В этот момент они услышали, как собака преследует и кустах какого-то зверька. Некоторое время оба молчали, прислушиваясь к шуму ручья и щебету птиц.
— Спасибо, что рассказали мне о дедушке, — поблагодарила его Камилла. — Теперь я вижу, как много вы для него сделали. Кстати, на каком изменении в завещании вы настаивали?
Он ответил не сразу, наблюдая за собакой, которая снова появилась на тропинке, выйдя на какой-то новый след. После ее вопроса выражение лица Росса переменилось: казалось, его снова охватил гнев.
— Время моей службы здесь подошло к концу. Завещание таково, каким Оррин Джадд его оставил, и нам остается только неукоснительно его выполнять. Теперь я не могу повлиять на решение вашего деда.
Камилла была удивлена и несколько обескуражена перепадами в его настроении.
— Но как бы вы хотели изменить завещание, если бы это было в вашей власти? — спросила она.
Он нахмурился и теперь выглядел старше своих лет.
— Нет никакого смысла обсуждать этот вопрос с вами. Вы тоже член семьи Джаддов, хотя вам, по-видимому, придется удовольствоваться меньшей долей, чем другим.
Росс намеренно пытался ее унизить, и Камилла кипя от негодования, встала на ноги.
— Я ничего не хочу от дедушки, — заявила она. — С меня довольно и того, что он позвал меня сюда и был добр ко мне во время нашей встречи.
Выражение лица Росса смягчилось, и Камилле показалось, что он поверил в искренность ее слов. Но решил не поддаваться слабости и язвительно усмехнулся.
— Не хотите ли вы меня уверить, что горите желанием вернуться к исполнению обязанностей гувернантки, в то время как оставшись здесь, можете рассчитывать на какую-то долю наследства?
— В обязанности гувернантки не входит ничего предосудительного, — горячо возразила она. — Смею думать, что неплохо с ними справлялась, и горжусь этим. Я собираюсь вернуться в Нью-Йорк сразу после похорон. Джадды ничего мне не должны. Я приехала сюда только для того, чтобы повидать дедушку.

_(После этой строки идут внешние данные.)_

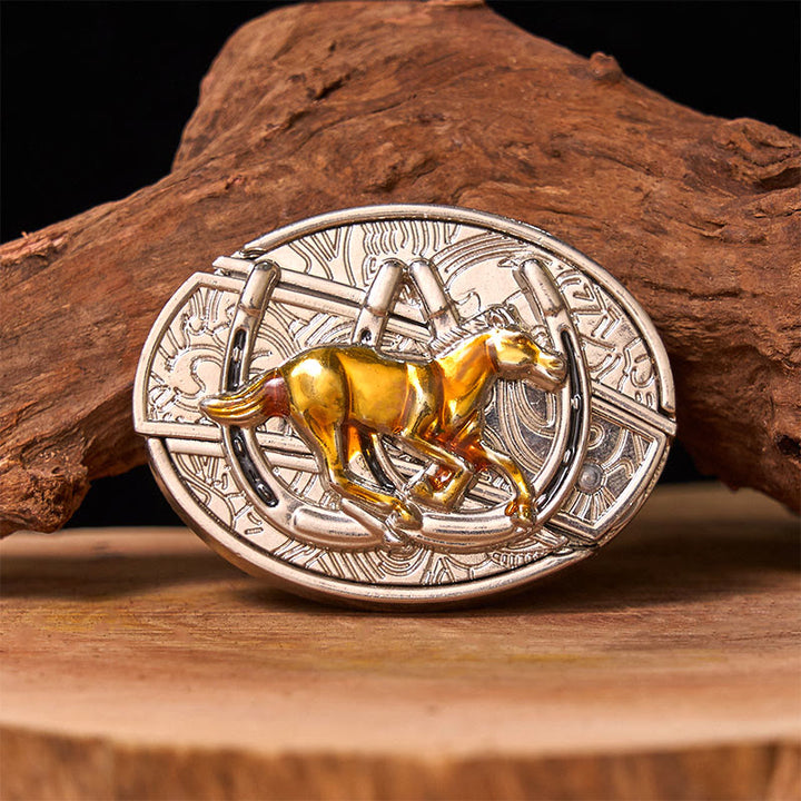 - Adoptant un ton or et argent brillant, cette boucle de ceinture de cheval en forme de U de style western rodéo est unique et élégante.

— Тогда почему вы не явились к нему раньше? Чего ждали? Вы сломя голову помчались в Грозовую Обитель только после того, как услышали, что он умирает.
Негодование Камиллы возросло до предела. Если он так думает о ней, она не намерена оставаться в его обществе ни минуты.
— Скажите, пожалуйста, приведет ли эта тропинка обратно к дому? — сухо осведомилась она.
— Я пойду с вами и покажу дорогу.
Камилла повернулась к нему спиной и ухитрилась спуститься со скалы без посторонней помощи.
— Нет, спасибо. Я сама найду дорогу, — заявила она и пошла вверх по тропинке.
Росс не оставил ее в покое. Он спрыгнул со скалы и пошел рядом; они свернули налево и направились к дому по кратчайшей дороге; пятнистый пес бежал за ними по пятам. Нравилось ей это или нет, Камилла была вынуждена смириться с такой компанией. Она шла быстро, обращая внимания на своего спутника, хотя он время от времени указывал ориентиры, по которым она, в случае необходимости, смогла бы отыскать дорогу, если снова пойдет к реке.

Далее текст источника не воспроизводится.